(Stored records)

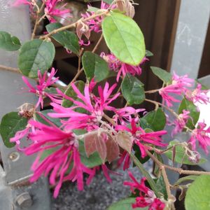 赤花マンサク💕 皆さんの投稿見てて、私も見てみたいと思ってたら出会えました🎶 綺麗な濃いピンク色でした💞 立ち寄った農産物直売所の山野草コーナーで。
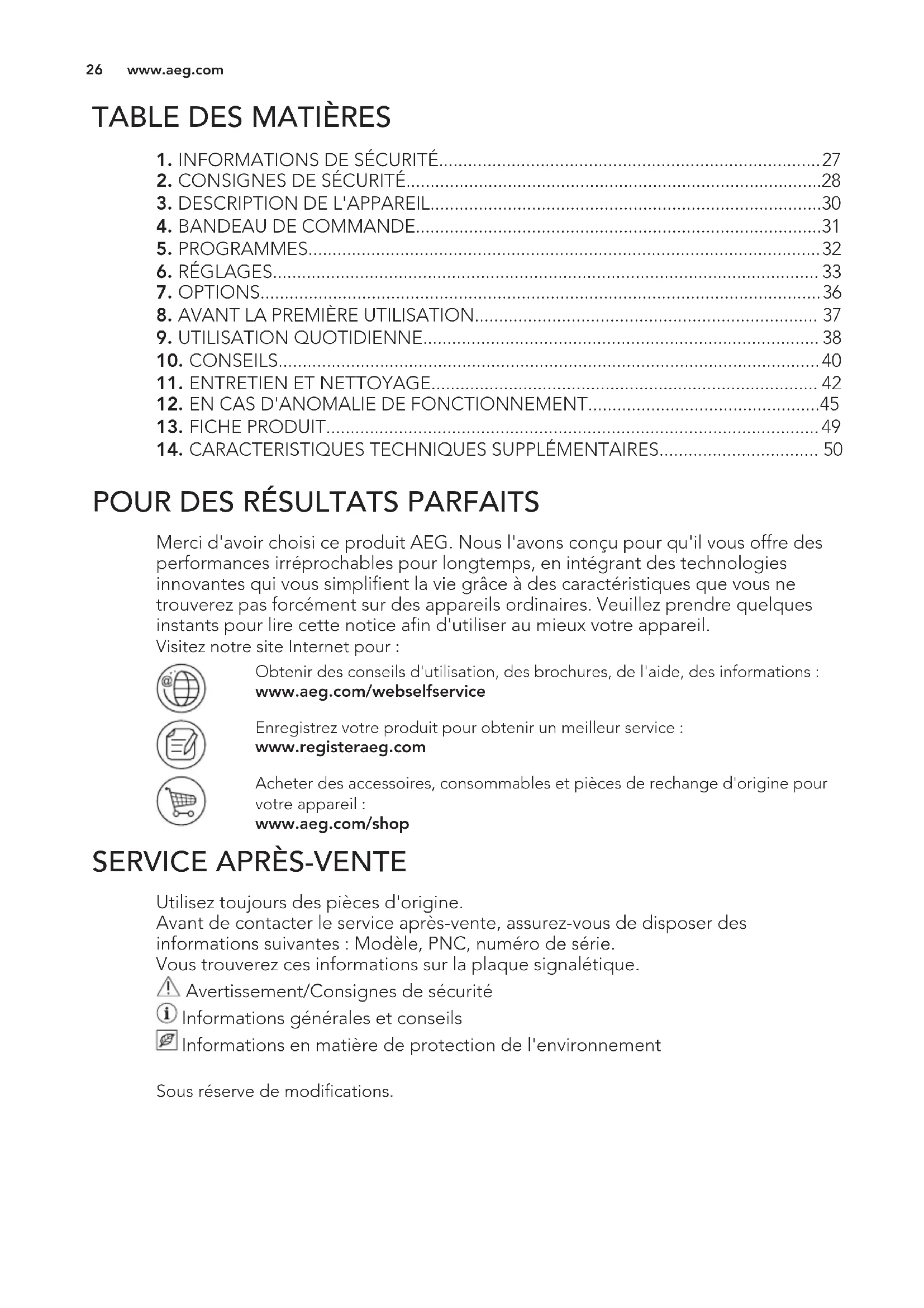 Merci d'avoir choisi ce produit AEG. Nous l'avons conçu pour qu'il vous offre des performances irréprochables pour longtemps, en intégrant des technologies innovantes qui vous simplifient la vie grâce à des caractéristiques que vous ne trouverez pas forcément sur des appareils ordinaires. Veuillez prendre quelques instants pour lire cette notice afin d'utiliser au mieux votre appareil. Visitez notre site Internet pour : Obtenir des conseils d'utilisation, des brochures, de l'aide, des informations : www.aeg.com/webselfservice Enregistrez votre produit pour obtenir un meilleur service : www.registeraeg.com Acheter des accessoires, consommables et pièces de rechange d'origine pour votre appareil : www.aeg.com/shop
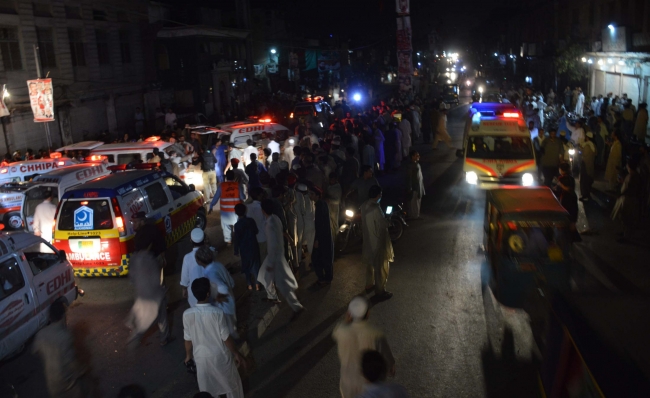 Pakistan'da, Avami Ulusal Partisi'nin (ANP) mitingi sırasında bir saldırgan üzerindeki bombayı infilak ettirdi.
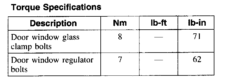 Torque Specifications:
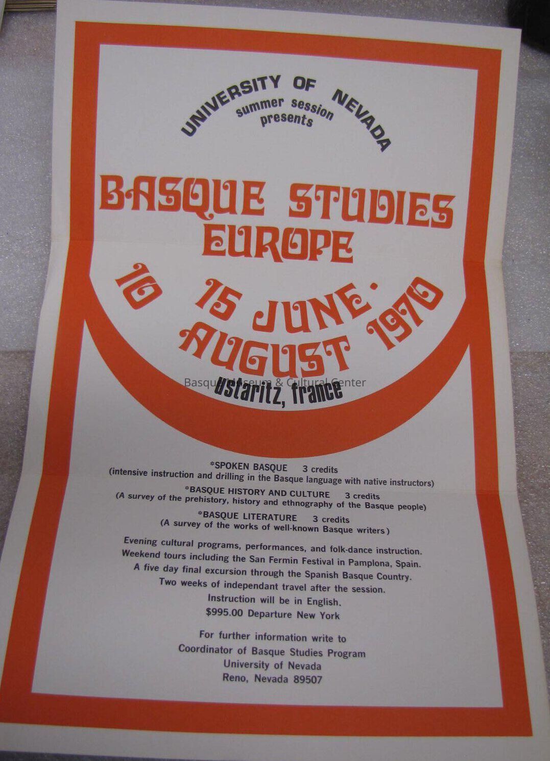 Poster advertising the Univeristy of Nevada's Basque Studies Trip to Europe from 15th of June to the 10th of August in 1970. The poster is white and red. The border is white and then there is a red border; Within the red border it states "University of Nevada; Summer Session Presents; Basque Studies Europe; 15 June- 10 August 1970; Ustaritz, France" Then there is a large red loop. Under that it discusses the different classes and their credit amount. It also states different opportunities to experience. At the very bottom it has the price, and if you have further questions or want more information contact the coordinator. The poster has been folded two times horizontally; on one of the panels, on the back, it states "Univeristy of Nevada Summer Session Reno, Nevada 89507" 11" x 16 15/16"
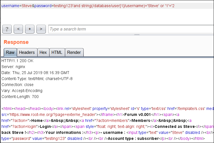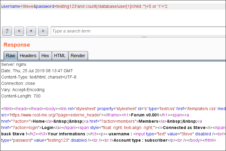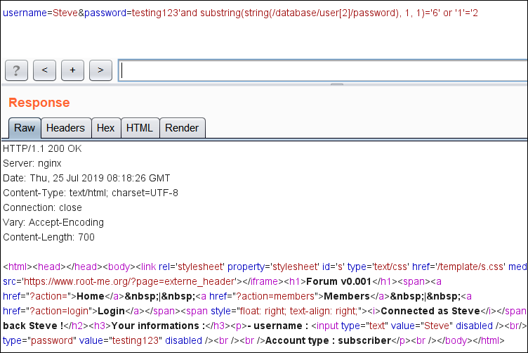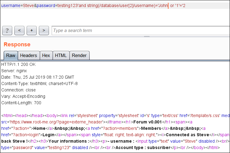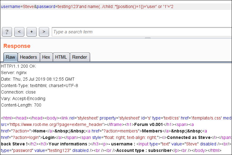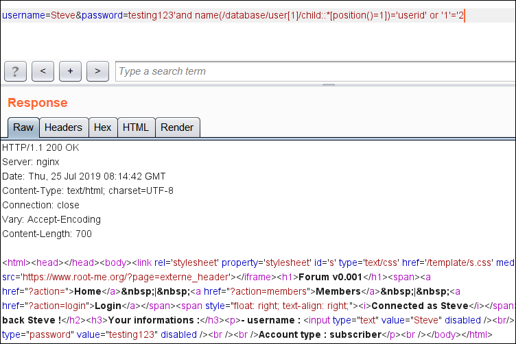 'and string(/database/user[1]/username)='Steve' or '1'='2
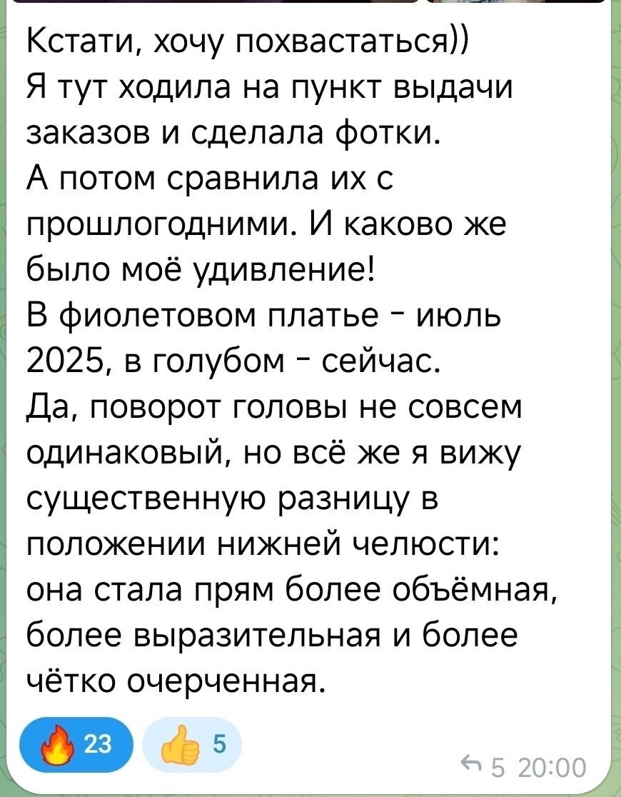 Лицо собралось, подтянулся овал, глаза действительно (в предыдущем посте это хорошо видно) стали более красивой, миндалевидной формы, удлиннилась шея)😍👍
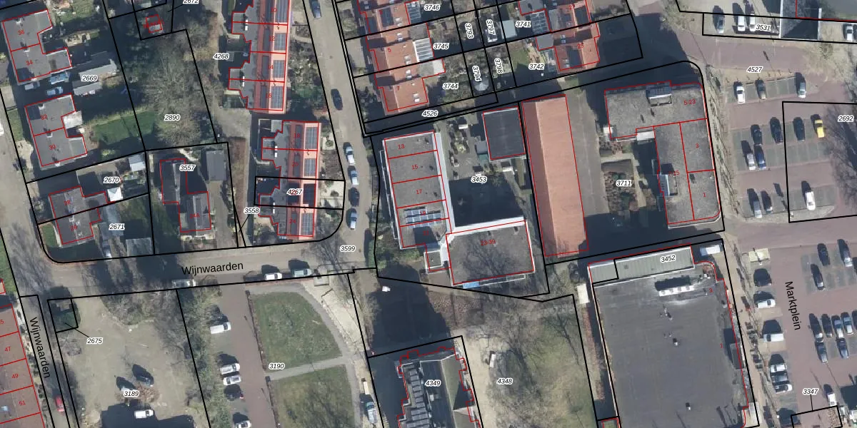 Het perceel waarop Wijnwaarden 19 staat heeft een oppervlakte van 1477 m². Dit is een zeer groot perceel. De perceeloppervlakte wordt geregistreerd door het Kadaster. Gedetailleerde informatie over de maten van dit perceel kunt u vinden in het rapport Kadastrale kaart met maatvoering van Wijnwaarden 19.
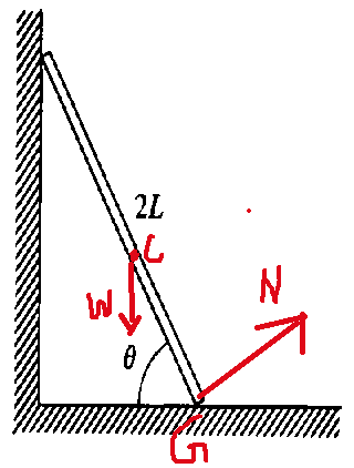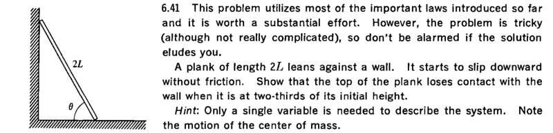The discussion revolves around the dynamics of a plank leaving a wall at an angle, focusing on torque, forces, and the motion of the center of mass. Participants are analyzing the conditions under which the plank detaches and the implications of angular acceleration in the context of rotational motion.
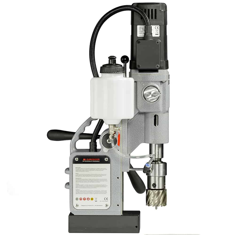 Магнитный сверлильный станок ECO.50S+ является усовершенствованной версией наиболее популярного и проверенного временем станка ЕСО.50 и предназначен для сверления отверстий диаметром до 50 мм. Новая модель теперь весит всего 11,2 кг за счет нового облегченного магнита. Магнитный станок имеет редуктор в масляной ванне, инновационную электронику, которая обеспечивает высокий уровень безопасности, снижает риск повреждения станка, инструмента и заготовки и защищает пользователя в случае чрезмерных вибраций или внезапных смещений станка. Срок службы увеличивается, а затраты на обслуживание уменьшаются.
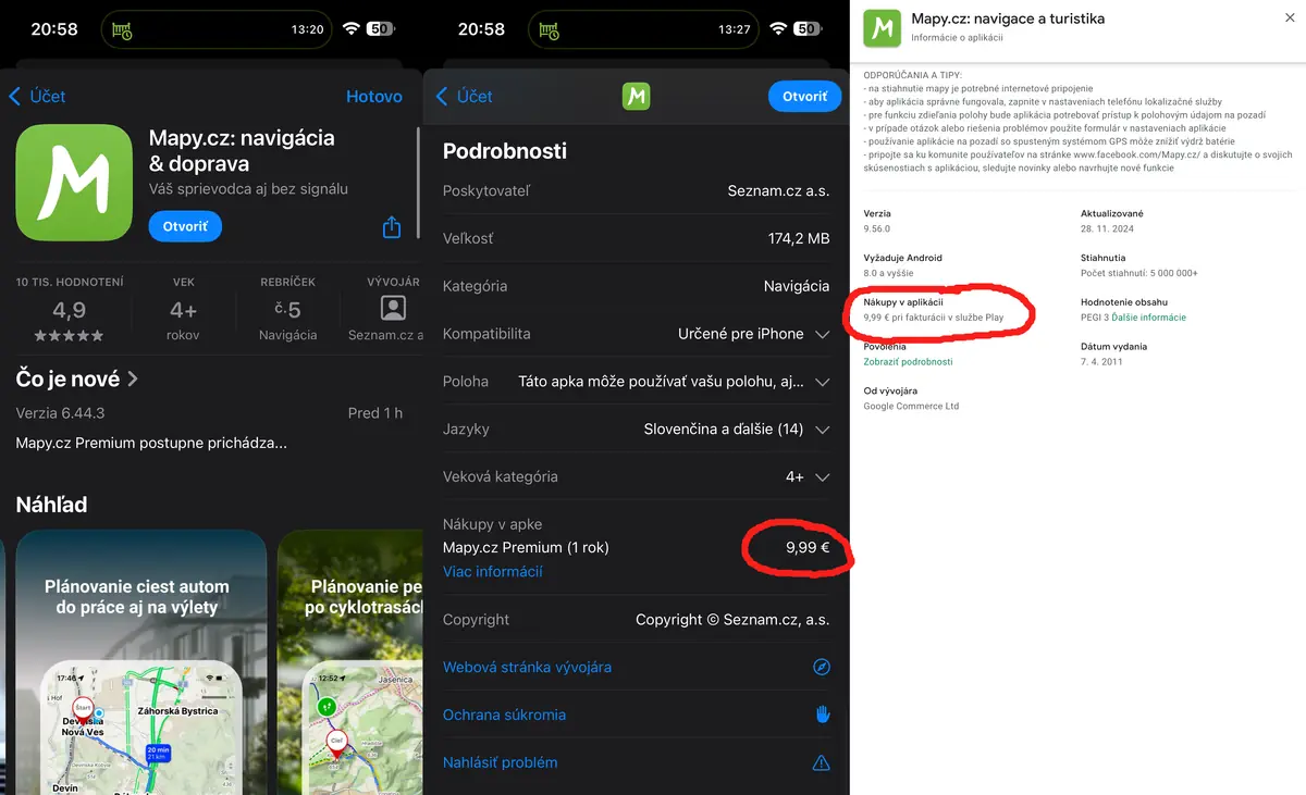 Mapy.cz teraz dostali aktualizáciu iOS aktualizácie na verziu 6.44.3, ktorá síce zatiaľ neumožňuje aktiváciu predplatného, avšak obsahuje informáciu o jeho cene. Prémiové predplatné služby Mapy.cz bude stáť 9,99 eur na rok. Túto cenu si môžete všimnúť v popise mobilných aplikácií pre Android a iOS v obchodoch Google Play a App Store.
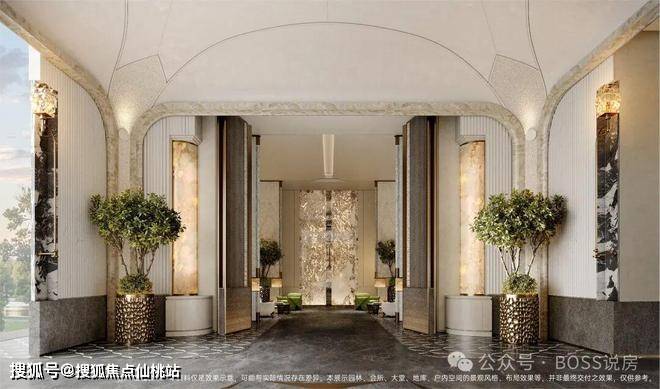 入口与礼序:主入口 “一城风华门”,贝米黄金石材、非遗珐琅门把手、八芒太阳纹细节,仪式感强。

### What you will do
All of the data should be returned word for word, with each picture left out.

### Answer for the task
 赤花マンサク💕 皆さんの投稿見てて、私も見てみたいと思ってたら出会えました🎶 綺麗な濃いピンク色でした💞 立ち寄った農産物直売所の山野草コーナーで。
 Merci d'avoir choisi ce produit AEG. Nous l'avons conçu pour qu'il vous offre des performances irréprochables pour longtemps, en intégrant des technologies innovantes qui vous simplifient la vie grâce à des caractéristiques que vous ne trouverez pas forcément sur des appareils ordinaires. Veuillez prendre quelques instants pour lire cette notice afin d'utiliser au mieux votre appareil. Visitez notre site Internet pour : Obtenir des conseils d'utilisation, des brochures, de l'aide, des informations : www.aeg.com/webselfservice Enregistrez votre produit pour obtenir un meilleur service : www.registeraeg.com Acheter des accessoires, consommables et pièces de rechange d'origine pour votre appareil : www.aeg.com/shop
 Pakistan'da, Avami Ulusal Partisi'nin (ANP) mitingi sırasında bir saldırgan üzerindeki bombayı infilak ettirdi.
 Torque Specifications:
 Poster advertising the Univeristy of Nevada's Basque Studies Trip to Europe from 15th of June to the 10th of August in 1970. The poster is white and red. The border is white and then there is a red border; Within the red border it states "University of Nevada; Summer Session Presents; Basque Studies Europe; 15 June- 10 August 1970; Ustaritz, France" Then there is a large red loop. Under that it discusses the different classes and their credit amount. It also states different opportunities to experience. At the very bottom it has the price, and if you have further questions or want more information contact the coordinator. The poster has been folded two times horizontally; on one of the panels, on the back, it states "Univeristy of Nevada Summer Session Reno, Nevada 89507" 11" x 16 15/16"
 'and string(/database/user[1]/username)='Steve' or '1'='2
 Лицо собралось, подтянулся овал, глаза действительно (в предыдущем посте это хорошо видно) стали более красивой, миндалевидной формы, удлиннилась шея)😍👍
 Het perceel waarop Wijnwaarden 19 staat heeft een oppervlakte van 1477 m². Dit is een zeer groot perceel. De perceeloppervlakte wordt geregistreerd door het Kadaster. Gedetailleerde informatie over de maten van dit perceel kunt u vinden in het rapport Kadastrale kaart met maatvoering van Wijnwaarden 19.
The discussion revolves around the dynamics of a plank leaving a wall at an angle, focusing on torque, forces, and the motion of the center of mass. Participants are analyzing the conditions under which the plank detaches and the implications of angular acceleration in the context of rotational motion.
 Магнитный сверлильный станок ECO.50S+ является усовершенствованной версией наиболее популярного и проверенного временем станка ЕСО.50 и предназначен для сверления отверстий диаметром до 50 мм. Новая модель теперь весит всего 11,2 кг за счет нового облегченного магнита. Магнитный станок имеет редуктор в масляной ванне, инновационную электронику, которая обеспечивает высокий уровень безопасности, снижает риск повреждения станка, инструмента и заготовки и защищает пользователя в случае чрезмерных вибраций или внезапных смещений станка. Срок службы увеличивается, а затраты на обслуживание уменьшаются.
 Mapy.cz teraz dostali aktualizáciu iOS aktualizácie na verziu 6.44.3, ktorá síce zatiaľ neumožňuje aktiváciu predplatného, avšak obsahuje informáciu o jeho cene. Prémiové predplatné služby Mapy.cz bude stáť 9,99 eur na rok. Túto cenu si môžete všimnúť v popise mobilných aplikácií pre Android a iOS v obchodoch Google Play a App Store.
 入口与礼序:主入口 “一城风华门”,贝米黄金石材、非遗珐琅门把手、八芒太阳纹细节,仪式感强。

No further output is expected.